A return to a budget surplus in 2019-20 (a pre-election year) will pressure on Ben Wyatt to loosen the purse strings. Photo: Gabriel Oliveira

Curbing wild election promises

Friday, 14 December, 2018 - 11:26

Opinion: With the government seemingly on track to delivery a budget surplus, one key aspect of the Langoulant review is worth another look.

Mark McGowan’s promise that the state budget will return to surplus in 2019-20, a year earlier than anticipated, is based on a combination of good management and good luck. 

It also reflects a clear improvement in Western Australia’s economic outlook.

Confidence is returning. The challenge now is to make the most of the improved financial position.

The speed of the financial turnaround has been almost as rapid as the collapse in revenue that preceded it, starting in 2013 due to the slump in commodity prices and WA’s slashed GST reimbursements.

The McGowan government inherited a record budget deficit, and state debt, in 2017. While its remedial action plan, including a savage wages policy and public service redundancies, and a better GST deal courtesy of Prime Minister Scott Morrison, have transformed the budget position, reversing the burgeoning net debt is akin to turning around a big ocean liner.

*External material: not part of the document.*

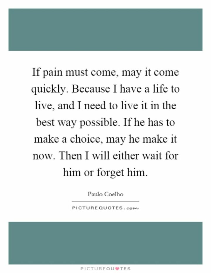 30) “If pain must come, may it come quickly. Because I have a life to live, and I need to live it in the best way possible. If he has to make a choice, may he make it now. Then I will either wait for him or forget him.”

Latest estimates have net debt at $35 billion, compared with the budget forecast for this year of $39.1 billion. The rate of increase has slowed, but the government is still spending more than $1 billion annually in ‘dead’ money to service the debt.

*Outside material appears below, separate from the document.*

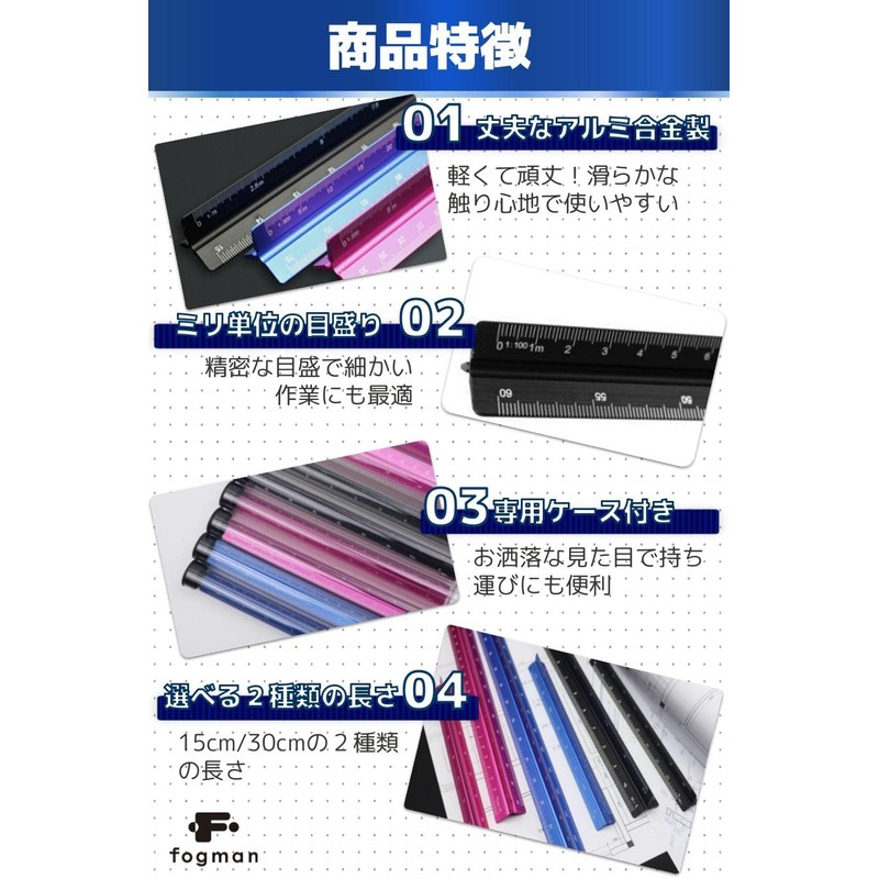 fogman Triangular Scale Aluminum Alloy Scale Ruler, 5.9 inches (15 cm), 11.8 inches (30 cm), Small, Large, Storage Case (Small, 11.8 inches (30 cm) Pink)

Mr McGowan was obviously very chuffed when he outlined the improving financial position to 750 guests at the recent Committee for Economic Development of Australia ‘State of the State’ lunch. It’s a good result. The fact that public sector unions have copped the tough wages policy reflects credit on them, too.  But watch out for the quid pro quo.

The premier could have gone a step further and urged Western Australians, based on this newfound confidence, to go out and spend up big for Christmas. After all, new projects worth $95 billion are underway or likely in WA (see page 4), and farmers are anticipating a bumper harvest.

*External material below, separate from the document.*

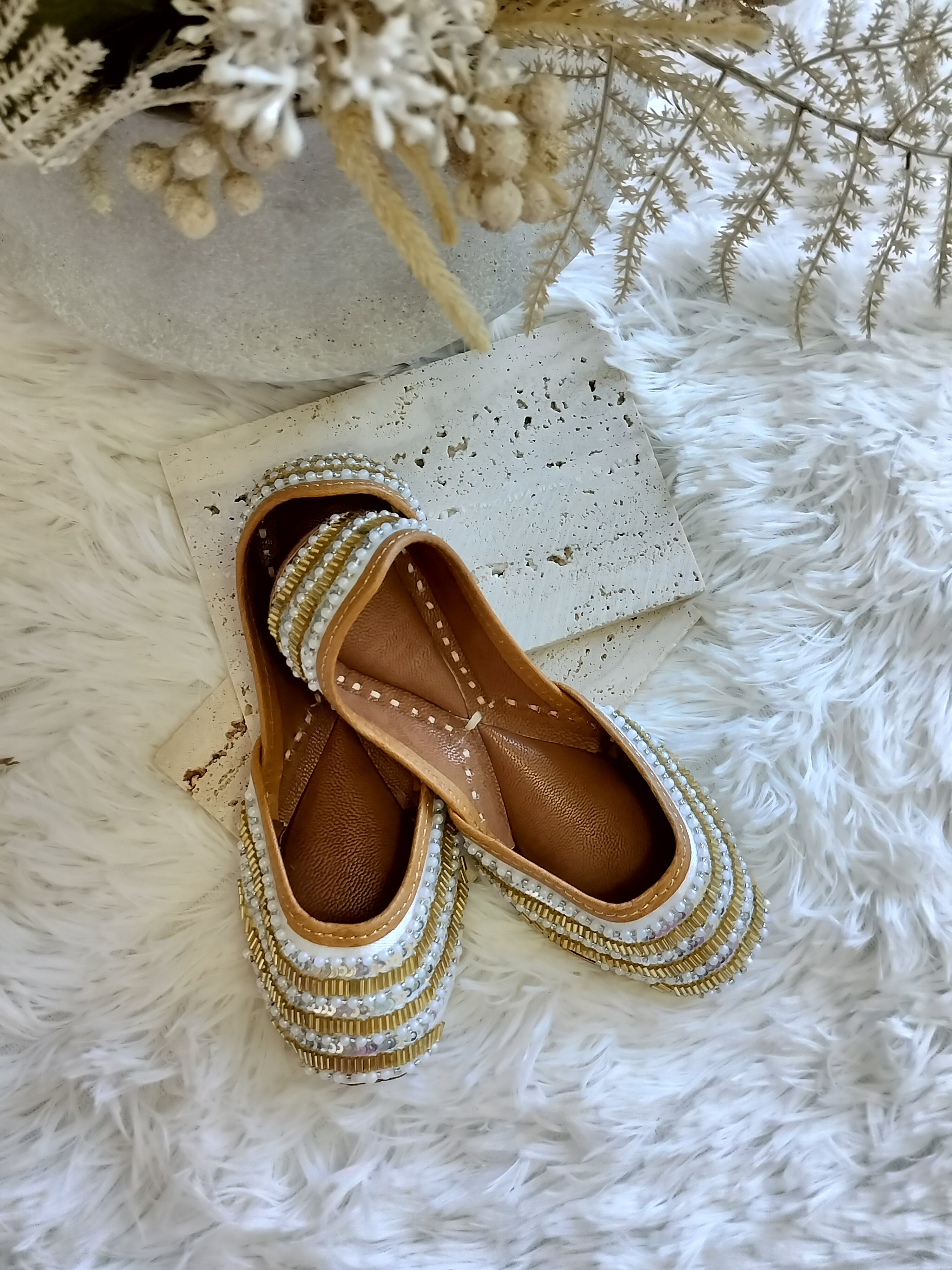 Full of silver beads, golden sequins and white pearls exudes a elegance bling to your princess's feet.

Christmas spending could indeed be strong, but it won’t be helped by the head-in-the-sand decision to cut back on the extra trading hours that retailers will enjoy before the holiday break. Last year the government simply duplicated the extra hours it inherited from the Barnett government. This year it surprisingly reduced the extra shopping opportunities, sending all the wrong signals to Christmas shoppers.

Extra hours make for more relaxed and convenient shopping and accommodate the tourist market, which the state is desperate to grow, when consumers are ready to spend. They also provide holiday job opportunities for casual workers such as high school and tertiary students, and retailers are better able to counter the increasing trend to online shopping.

It beggars belief that the Shop Distributive and Allied Employees Union would pressure the government to cut back on extra Christmas hours in such circumstances. Obviously early starts and late finishes can be inconvenient for some permanent staff (read ‘union members’), but surely such issues can be worked around. The risk for the union, and its members, is if more customers switch to online shopping as a result.

The return to budget surplus in 2019-20 – a pre-election year – will lead to pressure on Mr McGowan and Treasurer Ben Wyatt to loosen the purse strings. Ministers will be seeking election campaign sweeteners in their portfolios as a reward for the years of austerity.

Fair enough, but this is where an independent Parliamentary Budget Office would be valuable. As recommended in the Langoulant review of spending programs earlier this year, it would promote transparency in assessing the true cost of election promises by all parties.

In the 1980s, calls for open government from opposition parties were all the rage. Once in government, the same parties usually found openness a bridge too far.

Consequently, disputes over the cost of election promises have become an established, and time wasting, feature of election campaigns. Witness previous arguments over the cost of the proposed Ellenbrook rail line and the merits of the Metronet (Labor) and Max light rail (Liberal) promises.

Mr McGowan baulked at accepting the recommendation for a budget office earlier this year, when cutting costs was pre-eminent in the government’s thinking. 

But with a return to budget surpluses just around the corner, a modest investment in the office now could save millions of dollars from poorly thought-out promises down the track – a dividend well worth considering.